Culture | November 19th, 2014
An elephant is buried under Horace Mann Elementary school. At least, local legend tells us this.
It’s a story almost as old as Fargo itself: an elephant with a traveling circus died during a tour stop in town and was buried on the land where Horace Mann now stands.
The legend has persisted through the ages, through Horace Mann alumni, employees and neighborhood residents. Today, however, the story that has lost a lot of steam, reduced to a hokey little Fargo myth that many people toss aside.
But there are those who believe there’s something to this story, or at least a basis for it all. It’s why I teamed up with some of the savvy experts on the elephant legend earlier this year for one last big effort to research this story to a conclusion. And we’ve come a long way in nine months.

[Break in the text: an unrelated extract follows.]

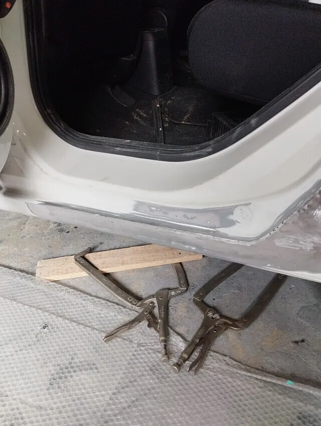 通常なら交換?フィット・左リヤドア・左サイドステップ板金塗装【板金塗装修理事例】きずへこみ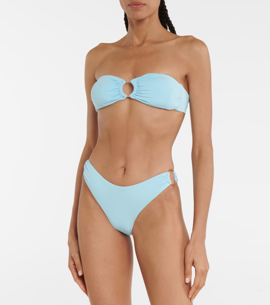 Синие плавки-бикини Evita от Melissa Odabash дополнены скрытыми кольцами по бокам с низкой посадкой для создания выразительного эффекта. Они обеспечивают минимальную застежку и идеально сочетаются с топом-бандо Evita.

It was during last February, up to my elbows in dishwater at my old hotel job, that I decided to take a crack at the legend. It was winter. I was bored. I knew the story from my years in Fargo Public Schools, and it’s one that’s fairly well-known in Fargo.
I had to take a shot at researching; after all, I’ve been climbing my family tree since I was 11, and it was a nice change from trying to find dead ancestors to trying to prove a dead elephant.
Lo and behold, my primary research presented me with Dan Mahli of Fargo’s city planning department, and Steve Tollefson, former head of maintenance at Horace Mann.
Mahli’s own effort (the Pachyderm Recovery Project) in 2001 with anthropologist buddy James Wendt made a cover of the High Plains Reader that year, and Tollefson proved invaluable as the “curator” of the story during and after his years at Horace Mann. I had the perfect people to help out with the legend, which still went inconclusive even after their respectable research couldn’t confirm it.
Slowly but surely, we’ve chipped away at the elephant. Every circus to visit Fargo prior to Horace Mann’s construction in 1915 has been catalogued through old Fargo Forums, and it’s just a process of elimination of the ones that set up on Hector’s Addition, the land where the school sits.
Eighty circuses stopped in Fargo between 1878 and 1915, at least 10 of which camped on Hector’s Addition. We’ve even been able to put a date range on the elephant’s rumored death – between 1892, when Martin Hector purchased the land, and 1905, when sewerage construction on 11th Avenue forced circus setups to Ninth Street South.
It took a lot of mileage on the microfilm to construct that date range, but it’s been getting narrower with every visit to the Fargo Public Library’s microfilm collection. And of all the circuses to visit Hector’s Addition (and Fargo for that matter), nearly all had elephants, save for some dog and pony shows and one wildcat exhibit.
And while no dead elephants have turned up yet in the Fargo Forums of yesteryear, a camel is confirmed as being buried near Fargo North High, dying from disease during Barnum and Bailey’s visit in summer 1907.
In fact, there have been a few incidents with circuses in Fargo, from lions being born off of Main Avenue in 1904 to a trapeze girl dying from typhoid in 1905.
But no dead elephant or smoking gun yet. With about 30 circuses left to sift through in the old Forums, it’s a slow-going process, but one that has coughed up a few findings pertinent to the Fargo folklore.
Until every circus has been followed up on through the many miles of microfilm, there’s no conclusion yet to Horace Mann’s elephant legend.
But with the facts of history putting circuses with elephants on the schoolyard before Horace Mann was built, there very well could be an elephant in the ground, or at least something to the story.